Typical of his style, photographs in “Wolfgang Tillmans: 2017” are presented in associative groups, so that the affinities between them are fundamental to the way we view any single frame. In one room at the Tate Modern, an image of a dust-covered car on a roadside in Jeddah, Saudi Arabia, keeps company with a four-foot-tall photograph of a weed growing through the cracks in Tillmans’s London garden.
Taken thousands of miles apart, they are united by an appreciation of fragility, and ideas of erosion, destruction, and regrowth—and are all the more affecting for the unexpectedness of their alliance.
Wolfgang Tillmans, Collum, 2011. © Wolfgang Tillmans. Courtesy of Tate Modern.
Wolfgang Tillmans, astro crusto, a, 2012. © Wolfgang Tillmans. Courtesy of Tate Modern.

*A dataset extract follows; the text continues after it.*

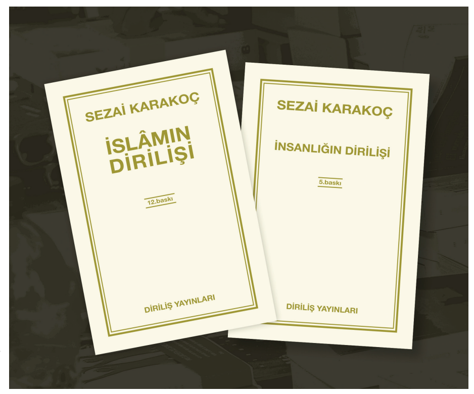
Two well-known books by Sezai Karakoç: "The Revival of Islam" and "The Revival of Humanity".

In conclusion, this article includes Karakoç and Erbakan in the camp of Cold War Pan-Islamism, utilizes the analysis of their writings to demonstrate the distinctiveness of Turkish Islamism and Pan-Islamism in relation to others, and identifies the effects of nationalism on the communication of the Pan-Islamist message in Turkey.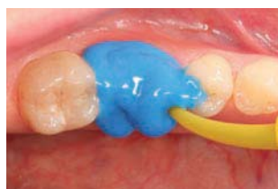
Fig. 5: Intra-oral syringing with Express™ 2 Light Body Flow Quick

The care with which Tillmans treats his subjects has long enamored him to audiences, and continues to set him apart from many of his contemporaries. He rose to prominence at i-D in the company of Juergen Teller and Terry Richardson, two all-star photographers whose signature styles are defined by high exposure and a brash, candid aesthetic. (Richardson is also known for repeated accusations of having sexually harassed models.)
In contrast, one of Tillmans’s photographs is exemplary of the artist’s acute sensitivity. In Collum (2011), a young man’s neck is shown close-up, his veins visible through milk-white skin. It captures a sense of tenderness and wonder: a photograph created with an eye for what the camera can give, rather than what it can take.